I’m currently around 6 feet 2 inches barefoot, 180-ish pounds, and am taller than most people I come across.

With that being said, you may be wondering if I’m self-conscious about my height.

Well, the answer is a little more complicated than you might expect.

Growing up, I went to a high school at which the average student height was around 6 foot even. That’s more than the average U.S. male height, which is approximately 5 feet 9 inches.

But Patrick, I thought the average American male height was 5 feet 10 inches? You’ve totally got your facts mixed up.

According to the National Health and Nutrition Examination Survey, which was conducted from 2007 to 2010, the average height for a U.S. adult male is 69.1 inches tall – 5 foot 9 inches, give or take the 4 extra centimeters. That’s one inch shorter than what every doctor I’ve ever visited has said the average male height was!

Why is this important, though?

The answer is simple – almost every single person who claims to be my height is often 1-2 inches shorter than I am.

But why is this the case?

Personally, I think it’s better to answer this question with a contrasting question, rather than a statement.

Have you ever thought of telling people the truth about your height? 

Even if you’re short, wouldn’t you like your possible soon-to-be special-someone to know you are not self-conscious about your body image?

Pretty much everyone I meet seems to add their shoes onto their total height. And let’s be truthful – you probably do it, too.

Nowadays, people are more obsessed about their height than ever before. But there’s a reason for this phenomenon.

Let’s take a step back for a moment.

All people want to be recognized. It’s the human condition. But if someone is in a class of 25, there is only about a 4% chance they’ll be the best student in the class.

As you might be able to tell, judging by this brief example, everyone strives to be noticed, or stand above their peers.

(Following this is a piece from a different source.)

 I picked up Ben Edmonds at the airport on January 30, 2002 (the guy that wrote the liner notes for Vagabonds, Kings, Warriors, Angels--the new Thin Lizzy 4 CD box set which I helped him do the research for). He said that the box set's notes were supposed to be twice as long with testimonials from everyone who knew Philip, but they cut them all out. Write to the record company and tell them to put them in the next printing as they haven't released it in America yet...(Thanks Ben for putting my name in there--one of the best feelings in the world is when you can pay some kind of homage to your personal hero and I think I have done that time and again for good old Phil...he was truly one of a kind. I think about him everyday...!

And height – above all else – is what people believe differentiates them from everyone.

The same goes for dating.

Let’s say a guy is trying to impress a girl. What’s the first thing that he mentions to her?

His height, of course!

Whether you’re 5 foot 4 inches or 7 feet tall, many people feel insecure about their height. – and insecurity is what drives people to wear 6-inch boots or heels.

From what I’ve observed on campus, there is often only a 5-inch difference between the two partners. And take into account that the average American woman is 5 feet 4 inches, only 5 inches shorter than the average man.

If you do the math, the average couple’s heights, from what I’ve seen, are not too different from one another, although, that’s definitely not the case with every relationship.

With all that being said, am I self-conscious about my height?

To be quite honest with you – yes and no.

I don’t obsess over height, but I get very uneasy when I’m the tallest person in the room. And that happens quite a lot more often than you would expect.

Height is something that is both a gift and a curse. It can either help people gain popularity or become the subject of vicious bullying.

Even though I occasionally feel uncomfortable about my so-called “gift,” I still have a burning desire not to let it get in my way. 

Height doesn’t define who you are – it’s your mindset that does.

And by the way, I play mini-golf, not basketball.